Could the lines from the top of the material to the line that contains "11月30日上午,教育部高等" be retyped exactly, both included and pictures omitted?

(Information supplied)

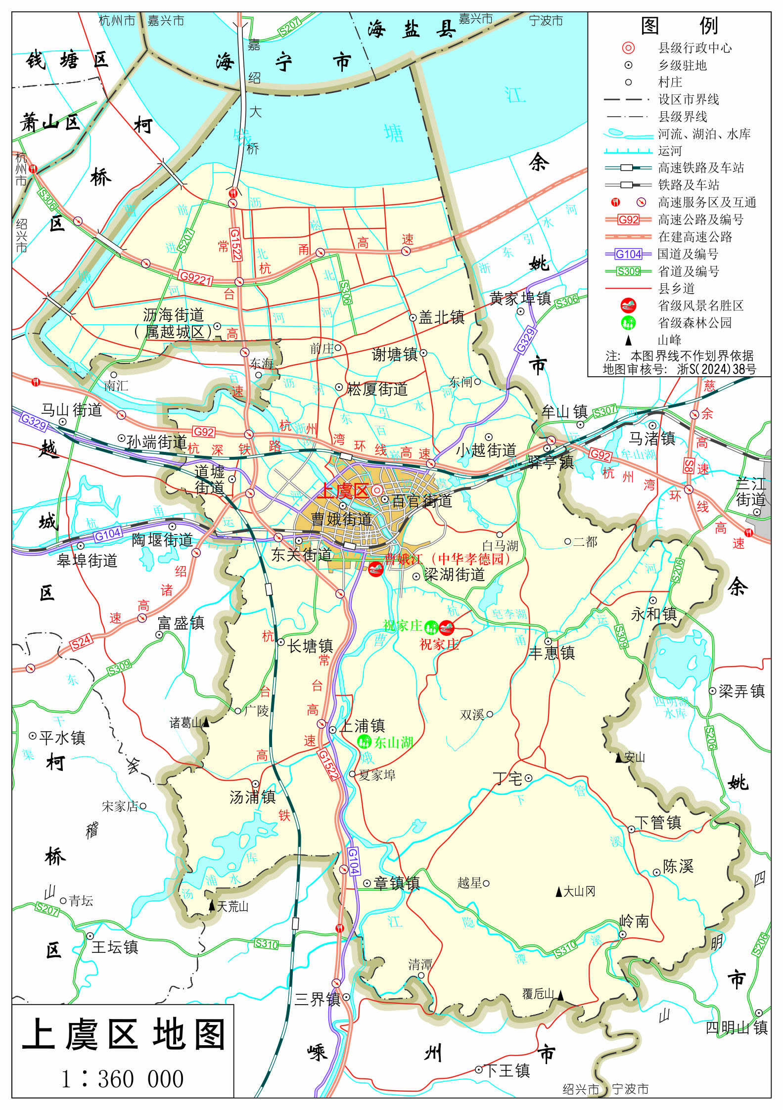 鎮(zhèn):道墟鎮(zhèn)、上浦鎮(zhèn)、湯浦鎮(zhèn)、章鎮(zhèn)鎮(zhèn)、下管鎮(zhèn)、豐惠鎮(zhèn)、永和鎮(zhèn)、梁湖鎮(zhèn)、驛亭鎮(zhèn)、崧廈鎮(zhèn)、瀝海鎮(zhèn)、小越鎮(zhèn)、謝塘鎮(zhèn)、長塘鎮(zhèn)、蓋北鎮(zhèn)
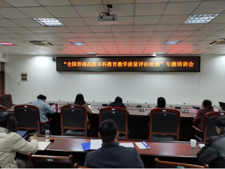 11月30日上午,教育部高等教育教学评估中心在线开展了“全国普通高校本科教育教学质量评估监测”专题培训会议。我校在逸夫楼第一会议室在线参加了此次视频培训。副校长张英彦、教务处处长王红艳、各二级学院院长、校教学督导委员会全体委员、发展规划处(教学质量监控与评估处)全体人员参加了培训。
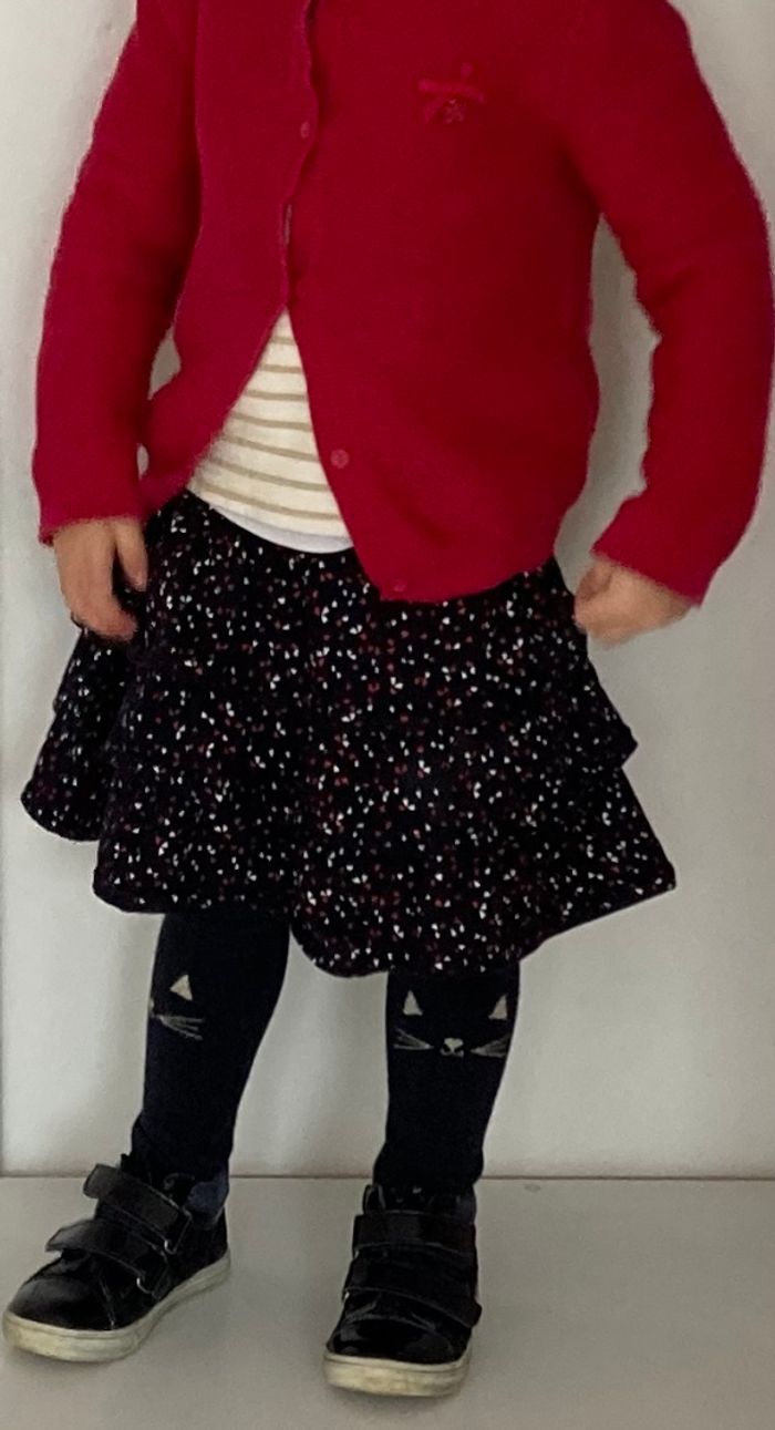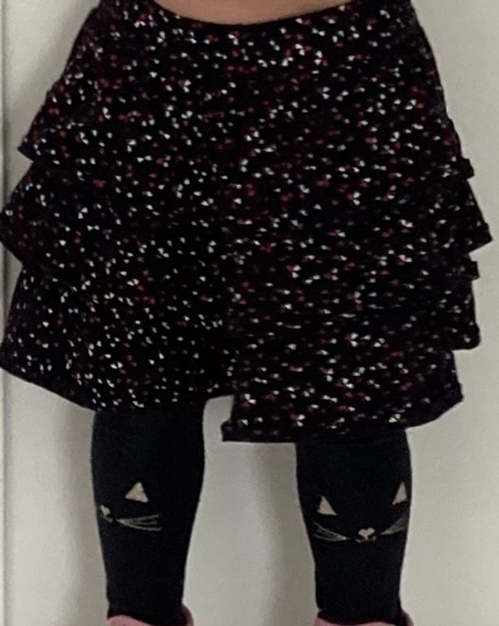 Jupe portefeuille â volants noire à pois blancs et rouge. Excellent état. 4 ans.

(End Information supplied)

## Answer to this task
 鎮(zhèn):道墟鎮(zhèn)、上浦鎮(zhèn)、湯浦鎮(zhèn)、章鎮(zhèn)鎮(zhèn)、下管鎮(zhèn)、豐惠鎮(zhèn)、永和鎮(zhèn)、梁湖鎮(zhèn)、驛亭鎮(zhèn)、崧廈鎮(zhèn)、瀝海鎮(zhèn)、小越鎮(zhèn)、謝塘鎮(zhèn)、長塘鎮(zhèn)、蓋北鎮(zhèn)
 11月30日上午,教育部高等教育教学评估中心在线开展了“全国普通高校本科教育教学质量评估监测”专题培训会议。我校在逸夫楼第一会议室在线参加了此次视频培训。副校长张英彦、教务处处长王红艳、各二级学院院长、校教学督导委员会全体委员、发展规划处(教学质量监控与评估处)全体人员参加了培训。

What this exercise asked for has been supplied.